The Cystic Fibrosis Foundation today announced an unprecedented acceleration and expansion of its research, care and patient programs for the CF community. This action is possible as a result of the sale of the Foundation’s royalty rights to CF treatments developed by Vertex Pharmaceuticals Inc. The Foundation received $3.3 billion from the sale to Royalty Pharma.
“This is a transformational moment for the Foundation and the entire CF community,” said Robert J. Beall, Ph.D., president and CEO of the Cystic Fibrosis Foundation. “These new resources will allow us to supercharge our efforts to help all people with CF live long, healthy and fulfilling lives today and work to find a cure. We could not have taken this exciting step forward without the steadfast commitment and decades of hard work of many volunteers and donors, researchers and health care professionals, together with people with CF and their families.”
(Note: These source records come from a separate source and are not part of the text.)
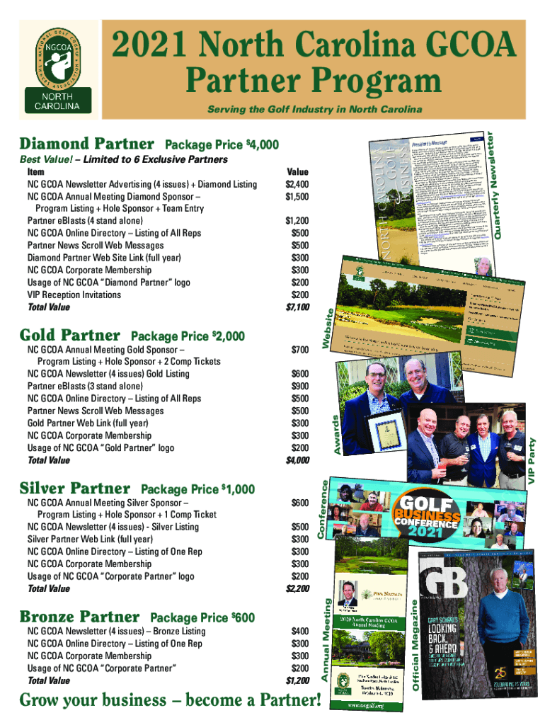 2021 North Carolina GOA Partner Program Best Value! Limited to 6 Exclusive PartnersItemValueNC GOA Newsletter Advertising (4 issues) + Diamond Listing$2,400 NC GOA Annual Meeting Diamond Sponsor $1,500
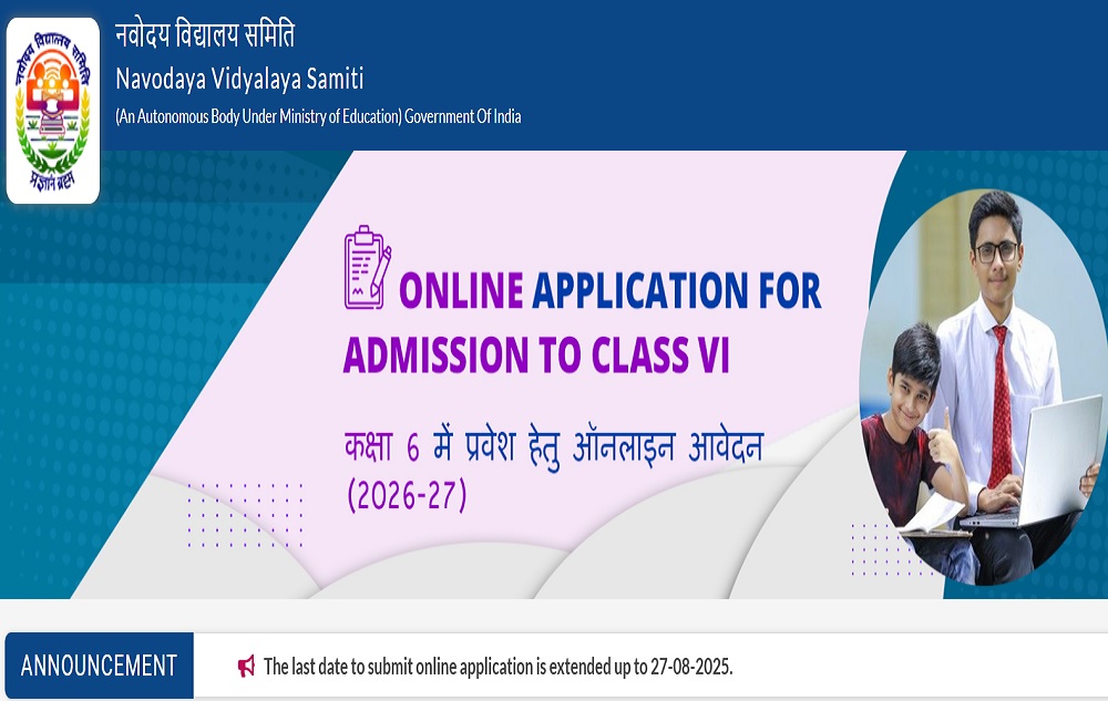 जवाहर नवोदय विद्यालय चयन परीक्षा (JNVST 2026-27) के लिए आवेदन की लास्ट डेट आज यानी 27 अगस्त निर्धारित है। ऐसे में जो अभिभावक अपने बच्चों को कक्षा 6 में प्रवेश दिलवाना चाहते हैं वे तुरंत ही ऑनलाइन माध्यम से फॉर्म भर सकते हैं। एप्लीकेशन फॉर्म पूर्ण रूप से निशुल्क रूप से भरा जा सकता है।
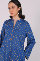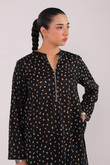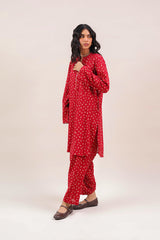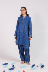 A printed shirt with a round neckline and V-slit, adorned with button detailing along the front slit. Paired with a matching printed classic-fit shalwar for a coordinated and effortless look.
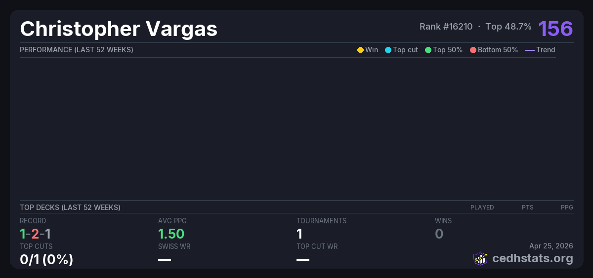 | Torneo cEDH - A Beneficio 1 Feb 21, 2026 | 5/20 | 1-2-1 | 156 | |
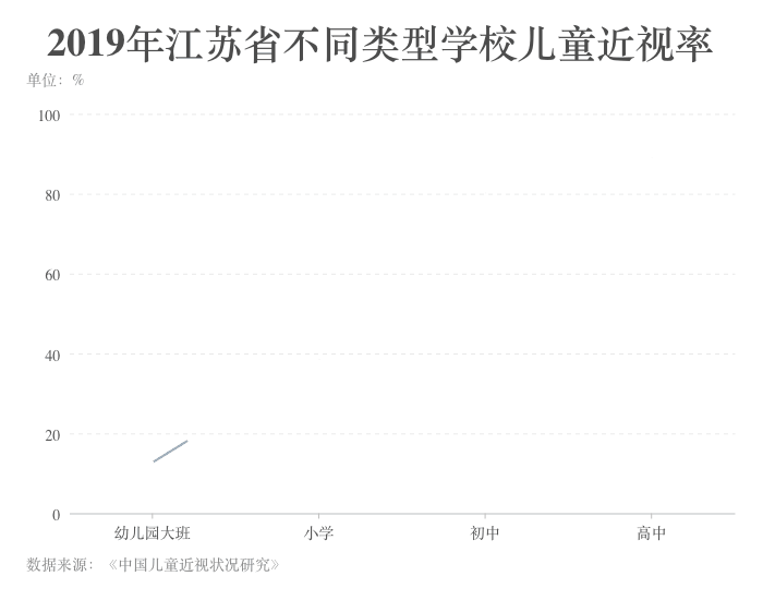 ????? 中國兒童近視率隨年齡的增長呈現(xiàn)上升趨勢。以江蘇省2019年的調(diào)查結(jié)果為例,該省幼兒園大班兒童近視率為12.8%,小學(xué)階段增長至38.5%,初中階段增長至80.2%,顯示出近視率在小學(xué)和初中階段增長速度較快,說明低年齡階段是近視防控的重點階段。
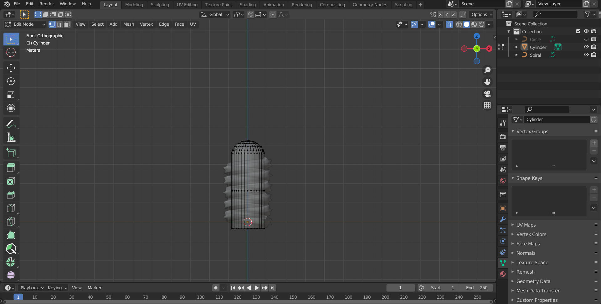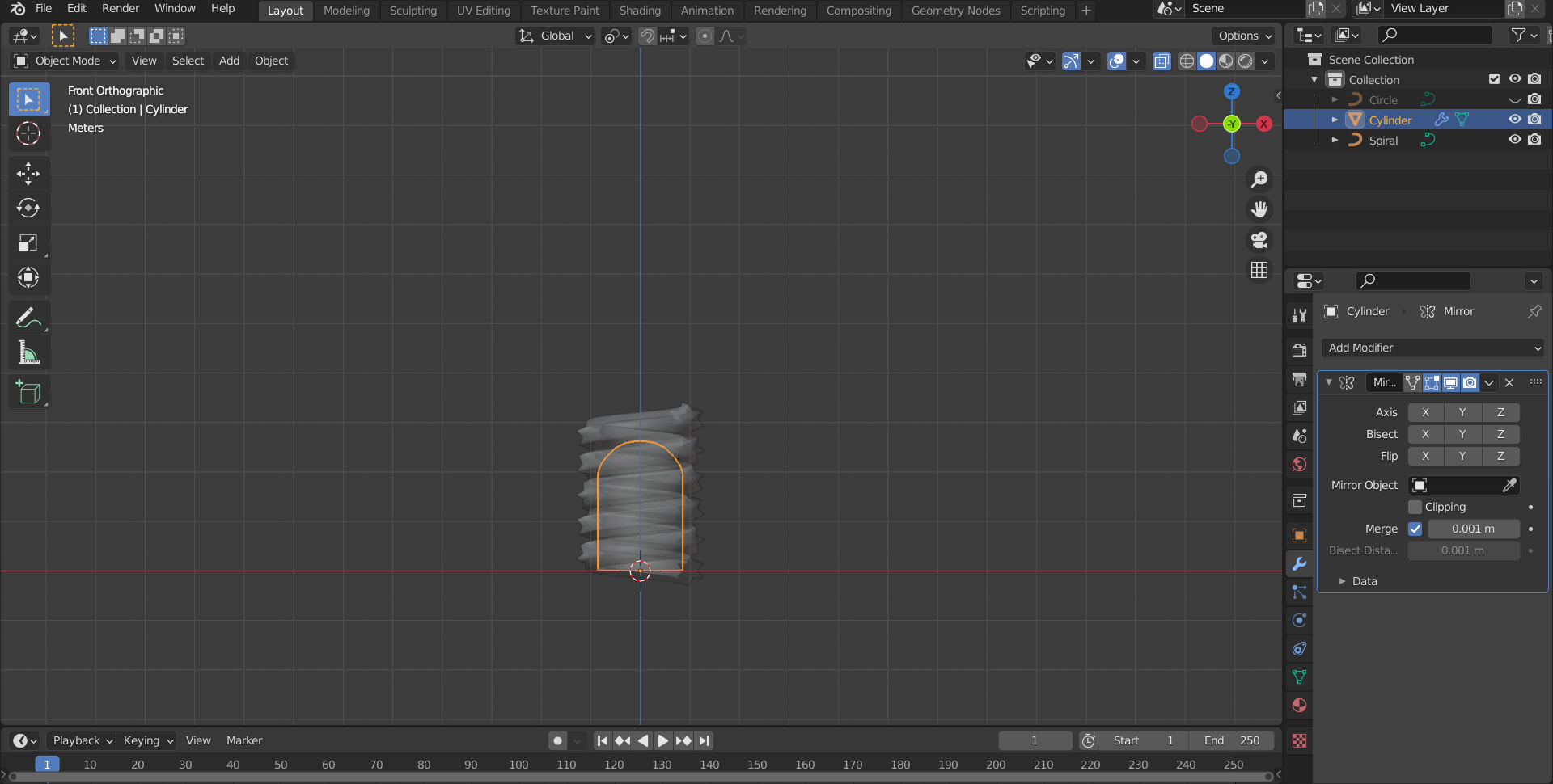- Object mode에서 Curve Spirals를 Mesh로 변환시켜준다.

The sale is the most recent and significant example of the Foundation’s successful venture philanthropy model, through which the organization provides upfront funding for pharmaceutical companies to help reduce the financial risk of developing drugs to treat CF. Funds from any royalties the Foundation receives are reinvested to accelerate further drug discovery and advance its mission to find a cure. The Foundation may receive additional funds depending on the success and further development of CF therapies by Vertex in future years.
The CF Foundation has a proven track record of using royalties to create a robust pipeline of potential therapies that target CF from every angle. This approach has led to tremendous advances in life expectancy, which has doubled in the last 30 years. Nearly every CF drug available today was made possible because of CF Foundation support. While CF was once a disease that largely affected children, today, about half of those living with CF are age 18 or older.
“We have much work ahead of us, but we have a clear road map and are now better positioned to pursue exciting new opportunities,” said Beall.
In addition to increasing its research funding for innovative strategies to target the genetic cause of CF, the Foundation plans to strengthen the specialized care and support that people with CF and their families receive at more than 120 Foundation-accredited care centers across the country. The Foundation will also expand its resources to help people with CF and their families afford costly medications and manage health care coverage and insurance.
Beall continued, “Treating and eradicating this complex, rare disease while continuing to meet the needs of those living with it requires a long-term commitment of time, effort and money. We still need the support of donors and volunteers to realize our goals. We plan to invest these funds in the wisest way possible: to help people with CF live healthier lives today and have more tomorrows.”